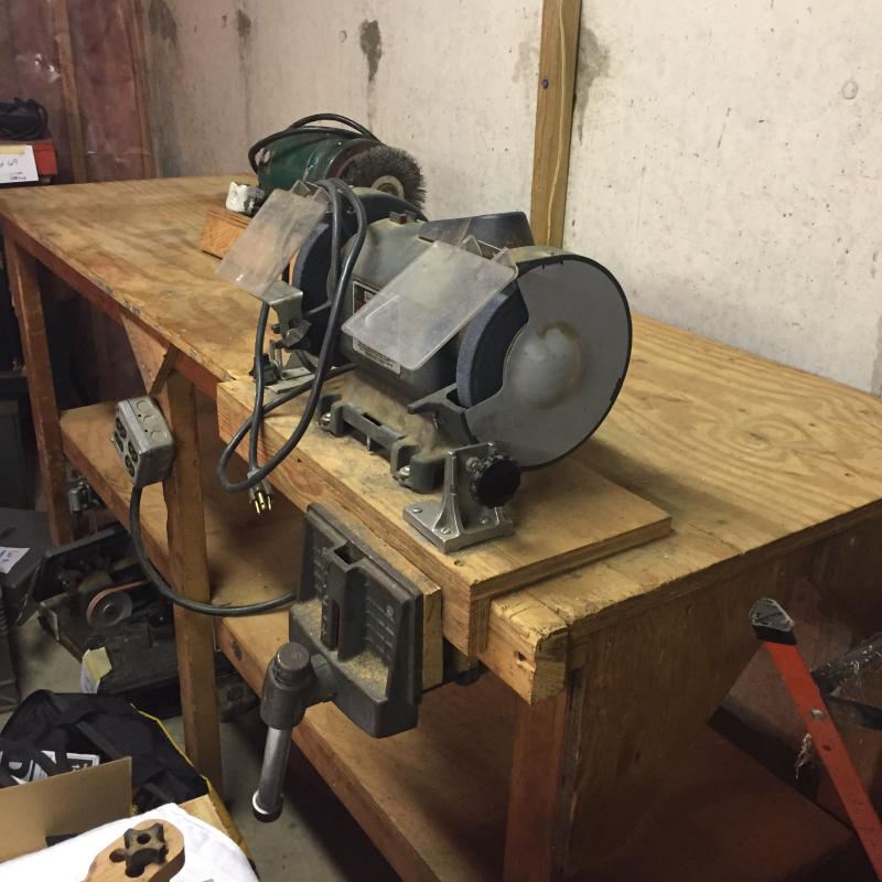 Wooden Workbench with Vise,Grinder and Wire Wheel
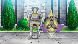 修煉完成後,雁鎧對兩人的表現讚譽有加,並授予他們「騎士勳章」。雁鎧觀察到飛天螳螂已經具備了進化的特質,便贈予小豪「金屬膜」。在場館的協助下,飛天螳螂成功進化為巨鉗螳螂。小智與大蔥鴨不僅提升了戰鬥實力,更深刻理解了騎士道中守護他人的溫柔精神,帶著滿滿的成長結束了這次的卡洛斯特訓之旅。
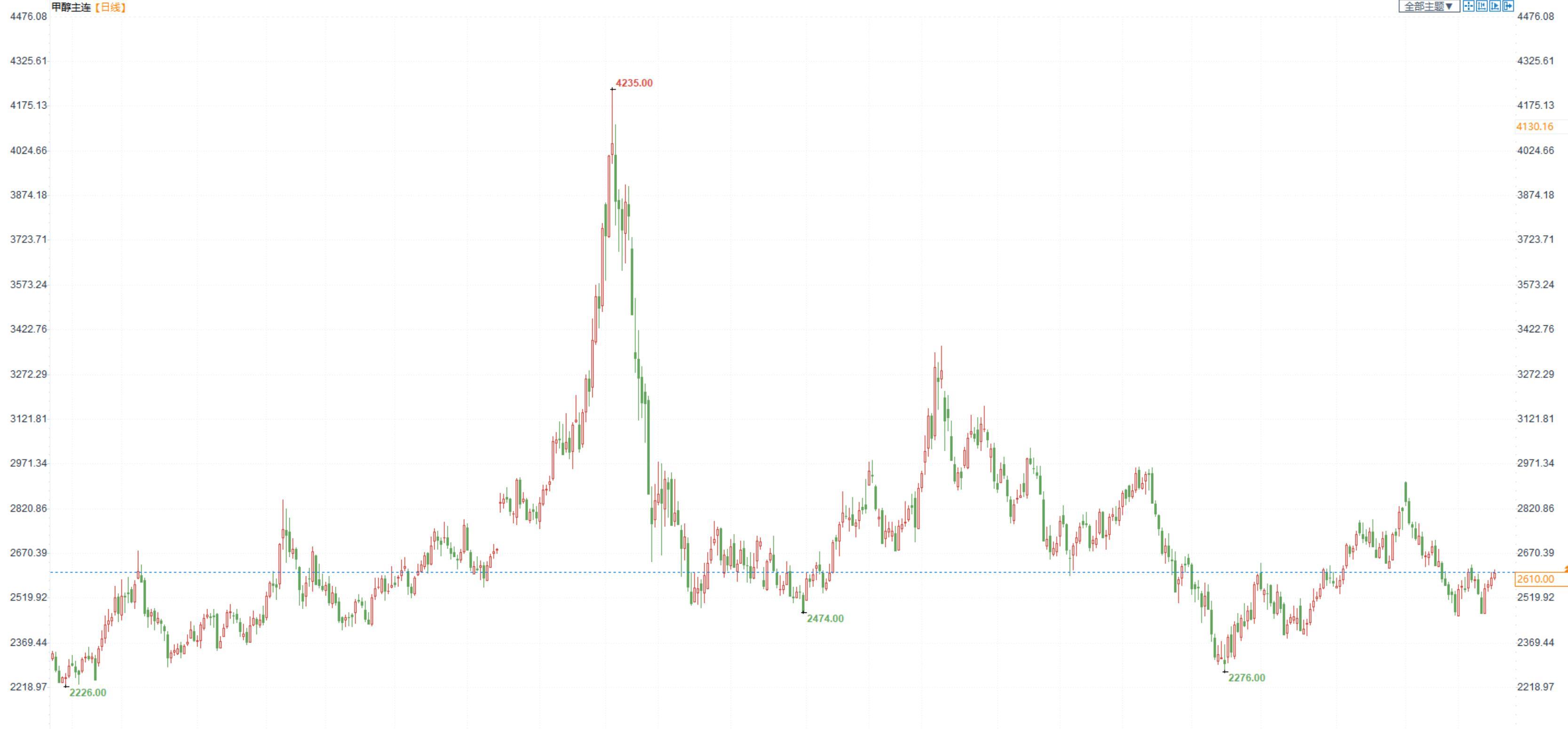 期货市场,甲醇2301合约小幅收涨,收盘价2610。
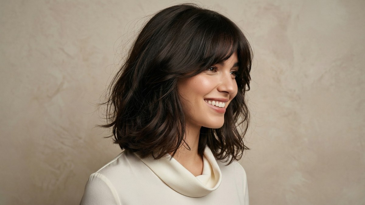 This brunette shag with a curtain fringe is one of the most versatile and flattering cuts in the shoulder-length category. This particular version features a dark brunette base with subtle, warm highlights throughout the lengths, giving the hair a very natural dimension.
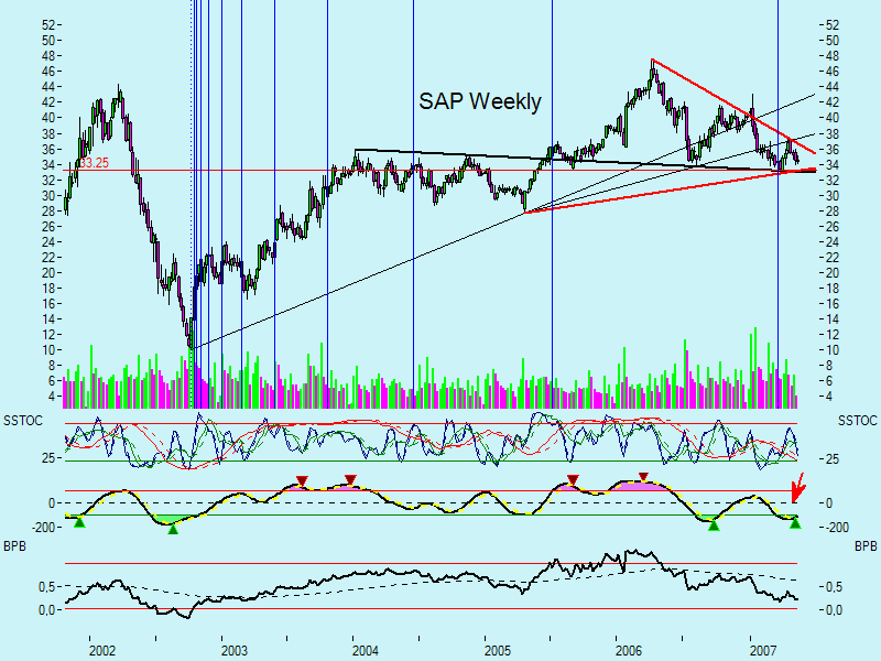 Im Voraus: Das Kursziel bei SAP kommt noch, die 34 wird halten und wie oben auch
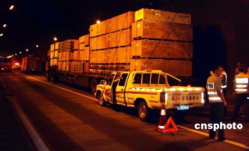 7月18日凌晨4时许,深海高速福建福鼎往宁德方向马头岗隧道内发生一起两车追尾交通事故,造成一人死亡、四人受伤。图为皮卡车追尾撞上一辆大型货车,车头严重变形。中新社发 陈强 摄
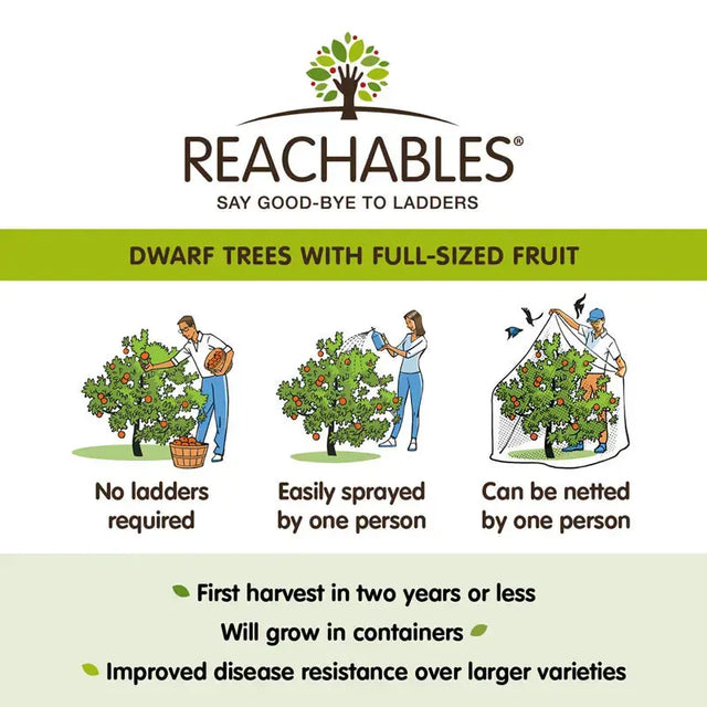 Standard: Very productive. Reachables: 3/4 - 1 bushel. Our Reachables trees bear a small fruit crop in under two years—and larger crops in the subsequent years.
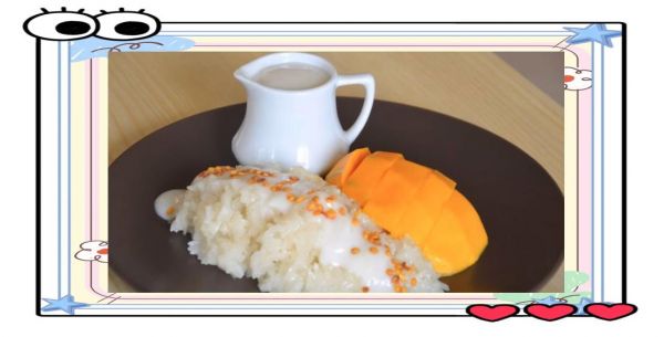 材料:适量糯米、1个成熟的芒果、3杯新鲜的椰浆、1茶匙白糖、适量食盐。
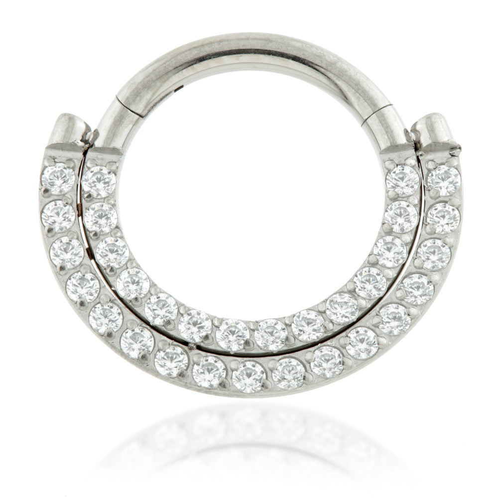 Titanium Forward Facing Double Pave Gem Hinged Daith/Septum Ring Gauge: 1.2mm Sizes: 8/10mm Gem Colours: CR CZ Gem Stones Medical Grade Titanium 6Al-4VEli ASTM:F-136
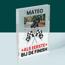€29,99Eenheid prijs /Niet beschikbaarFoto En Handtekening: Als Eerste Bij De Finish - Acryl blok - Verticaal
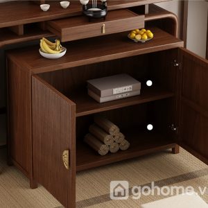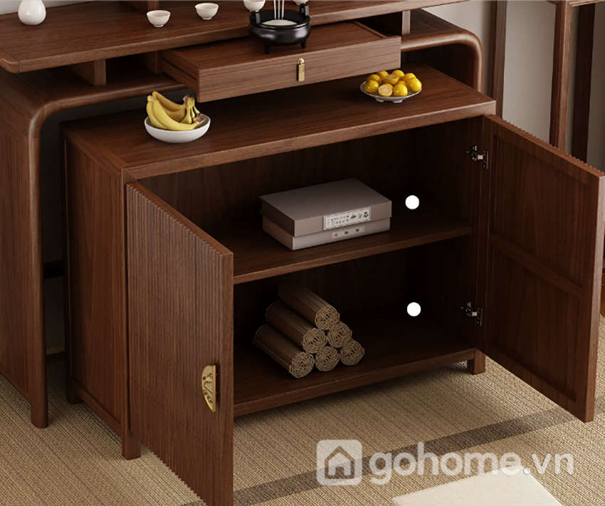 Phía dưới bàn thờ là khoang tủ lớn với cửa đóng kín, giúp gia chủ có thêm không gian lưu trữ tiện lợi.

-----

→ PROBLEM: The response should restate the material above word for word and contain no pictures.

→ EXERCISE RESPONSE:
 Wooden Workbench with Vise,Grinder and Wire Wheel
 修煉完成後,雁鎧對兩人的表現讚譽有加,並授予他們「騎士勳章」。雁鎧觀察到飛天螳螂已經具備了進化的特質,便贈予小豪「金屬膜」。在場館的協助下,飛天螳螂成功進化為巨鉗螳螂。小智與大蔥鴨不僅提升了戰鬥實力,更深刻理解了騎士道中守護他人的溫柔精神,帶著滿滿的成長結束了這次的卡洛斯特訓之旅。
 期货市场,甲醇2301合约小幅收涨,收盘价2610。
 This brunette shag with a curtain fringe is one of the most versatile and flattering cuts in the shoulder-length category. This particular version features a dark brunette base with subtle, warm highlights throughout the lengths, giving the hair a very natural dimension.
 Im Voraus: Das Kursziel bei SAP kommt noch, die 34 wird halten und wie oben auch
 7月18日凌晨4时许,深海高速福建福鼎往宁德方向马头岗隧道内发生一起两车追尾交通事故,造成一人死亡、四人受伤。图为皮卡车追尾撞上一辆大型货车,车头严重变形。中新社发 陈强 摄
 Standard: Very productive. Reachables: 3/4 - 1 bushel. Our Reachables trees bear a small fruit crop in under two years—and larger crops in the subsequent years.
 材料:适量糯米、1个成熟的芒果、3杯新鲜的椰浆、1茶匙白糖、适量食盐。
 Titanium Forward Facing Double Pave Gem Hinged Daith/Septum Ring Gauge: 1.2mm Sizes: 8/10mm Gem Colours: CR CZ Gem Stones Medical Grade Titanium 6Al-4VEli ASTM:F-136
€29,99Eenheid prijs /Niet beschikbaarFoto En Handtekening: Als Eerste Bij De Finish - Acryl blok - Verticaal
 Phía dưới bàn thờ là khoang tủ lớn với cửa đóng kín, giúp gia chủ có thêm không gian lưu trữ tiện lợi.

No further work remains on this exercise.